4. Glass slides or disposable glass tubes can be discarded in the glass disposal box.
5. Make sure all contaminated, plastic, disposable, serologic pipets and used contaminated micropipet tips are in the small orange autoclave bag sitting in the plastic container on your bench.
6. If you used the microscope, clean the lenses of the microscope with lens paper, being very careful NOT to get oil residue on any of the objectives other than the oil immersion 100x objective. Move the lowest power objective into the locked viewing position, turn off the light source, wind the power cord, and cover the microscope with its dust cover before replacing the microscope in the cabinet.
7. If you used it, rinse your staining tray and leave it upside down on paper towels next to your sink.
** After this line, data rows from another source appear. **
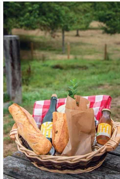
Il picnic di Manoir d'Apreval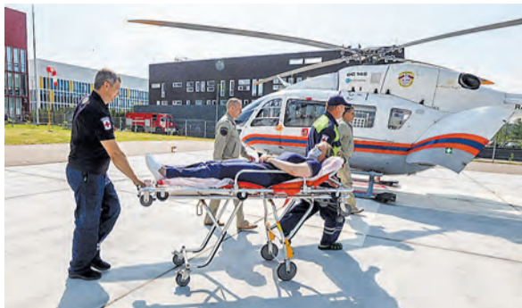
Пожарные эвакуируют «пострадавшего» на носилках

– Каждый день мы эвакуируем около 50 человек в городские медицинские учреждения с инсультами, сердечными приступами, после ДТП, –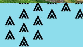
Foto av Andersgarden - eksteriør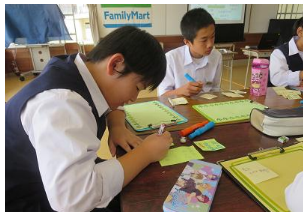
教わったことに自らのアイデアを加えて、わかめを買っていただくために一生懸命作りました！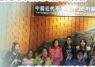
五年級同學們到南京遊學，認識當地的文化及歷史。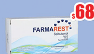
SALBUTAMOL AEROSOL 100 MCG 200 DOSIS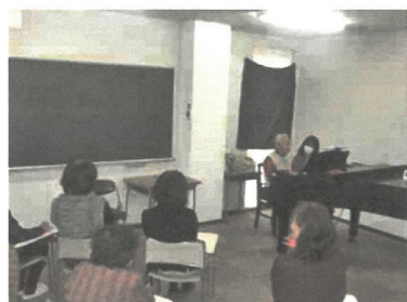
「メヌエット」練習風景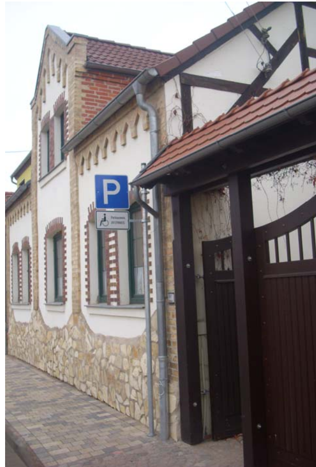
Errichtung eines Behindertenparkplatzes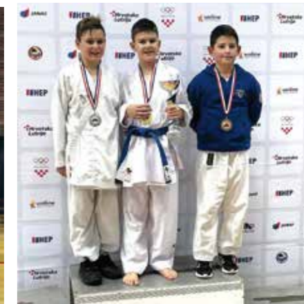
Medalje za ivanečke karataše na Državnom prvenstvu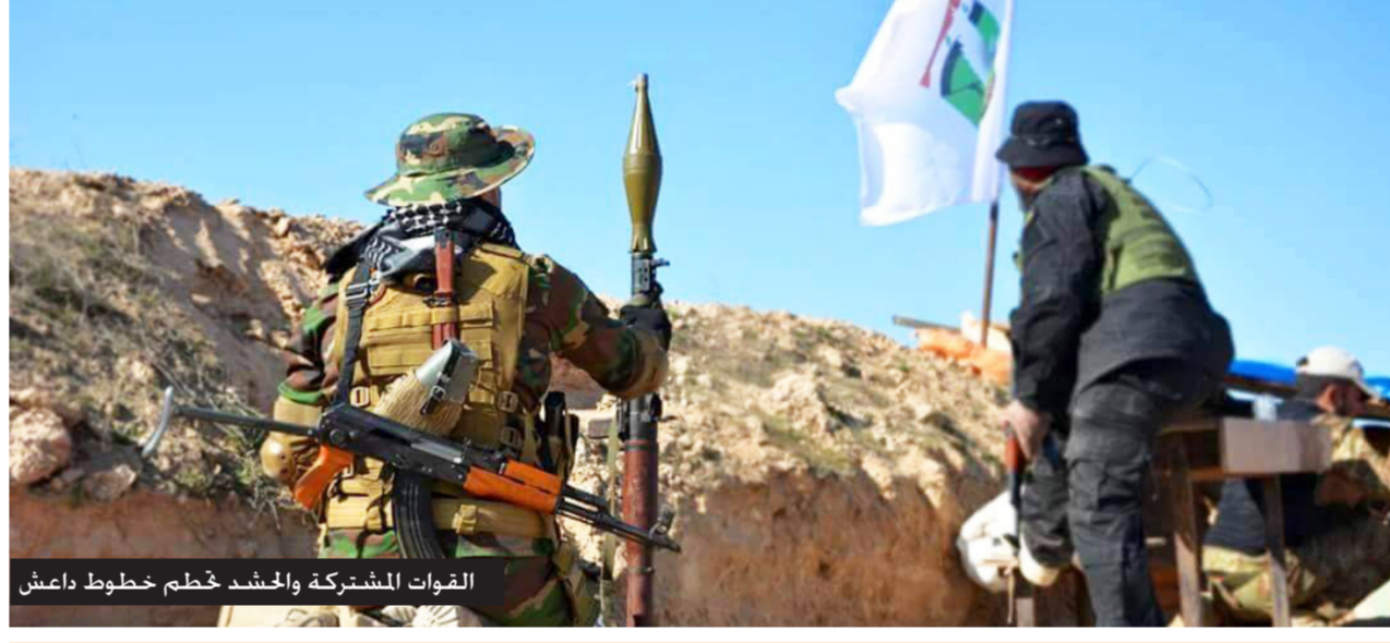
القوات المشتركة والحشد يحطم خطوط داعش

"الصباح الجديد" تكشف تفاصيل عملية "أمن الجزيرة" تقدم سريع للقوات المشتركة والحشد الشعبي يحطم الخطوط الدفاعية لـ "داعش"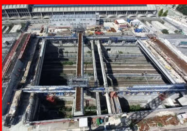
Vue de dessus du projet qui permet de visualiser la contrainte ferroviaire.

La raréfaction de l'offre de foncier dans les hyper-centres-villes conduit les maîtres d'ouvrage à explorer des solutions innovantes pour maximiser l'utilisation des espaces disponibles. Le projet Aurore T5B, situé dans le 13 e arrondissement de Paris, est un exemple emblématique de cette reconstruction de « la ville sur la ville ». Ce programme ambitieux, qui comprend un hôtel de luxe et un bâtiment culturel pour une surface de planchers totale de 12 000 m 2 , est en effet situé... au-dessus des voies ferrées de la gare d'Austerlitz !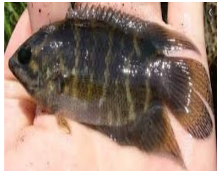
Gambar 4.2a Ikan Kakapar Gambar 4.2b Literatur Ikan Kakapar

Berdasarkan hasil pengamatan, ikan Belontia hasselti dikenal dengan nama daerah ikan kakapar. Ikan ini memiliki panjang keseluruhan \pm 9 cm, panjang baku 7 cm dan tinggi 4,2 cm. Memiliki bentuk tubuh agak bulat namun memipih ke bagian belakang. Berwarna hitam ketika baru diangkat, semakin lama didaratan semakin muncul garis-garis terang berwarna kekuningan. Bagian punggung ikan berwarna hitam mengkilat.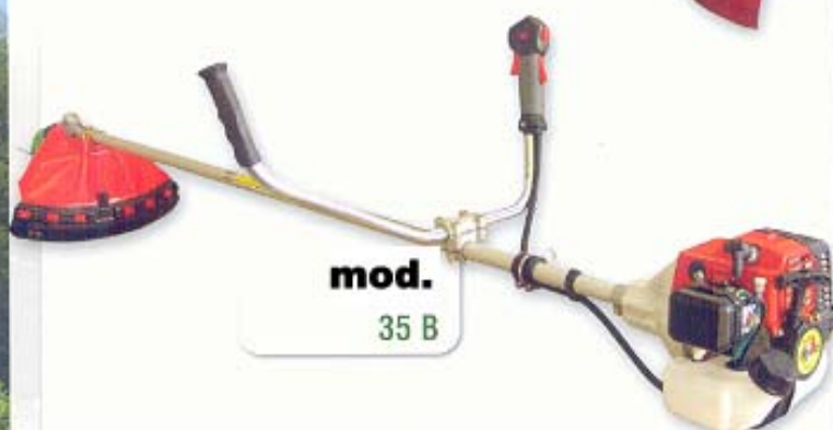
mod. 35 B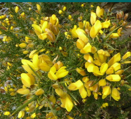
L'ajonc espèce emblématique de la Bretagne

La strate arbustive est très exposée au vent venant du large. Composée d'ajoncs, de genêts et de bruyères, elle est peu diversifiée. Des arbres, comme le chêne pédonculé, poussent plus lentement avec un port en drapeau, lié aux conditions climatiques difficiles et au sol peu profond par endroit.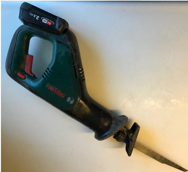
Reciproke zaag (voor de ervaren klusser)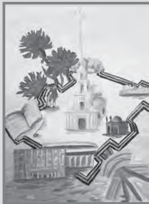
«Гиперболоид инженера Гагарина»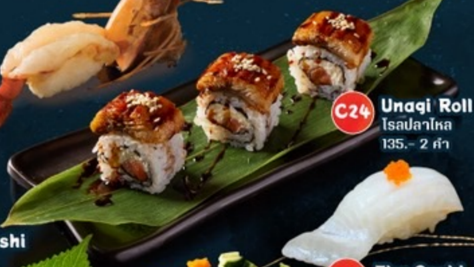
C24 Unagi Roll โรลปลาไหล 135.- 2 คำ

8. Turn off the gas and remove the tube from the nozzle. Place your bunsen burner and tube in your large drawer.
9. Place all your equipment (loop, striker, sharpie, etc) including your microfuge rack, your micropipets and your micropipet tips in your small or large drawer.
10. Move your notebook and lab manual so that you can disinfect your bench thoroughly.
11. Take off your lab coat and store it in the blue cabinet with your microscope.
12. Wash your hands.
Assignment (20 points): Explain The Great Plate Count Anomaly. Instructions: The Great Plate Count Anomaly.
To Do Before the Next Lab:
The timely submission of daily BIOLOG-workbook entries to the DATA folder for your worksite is expected.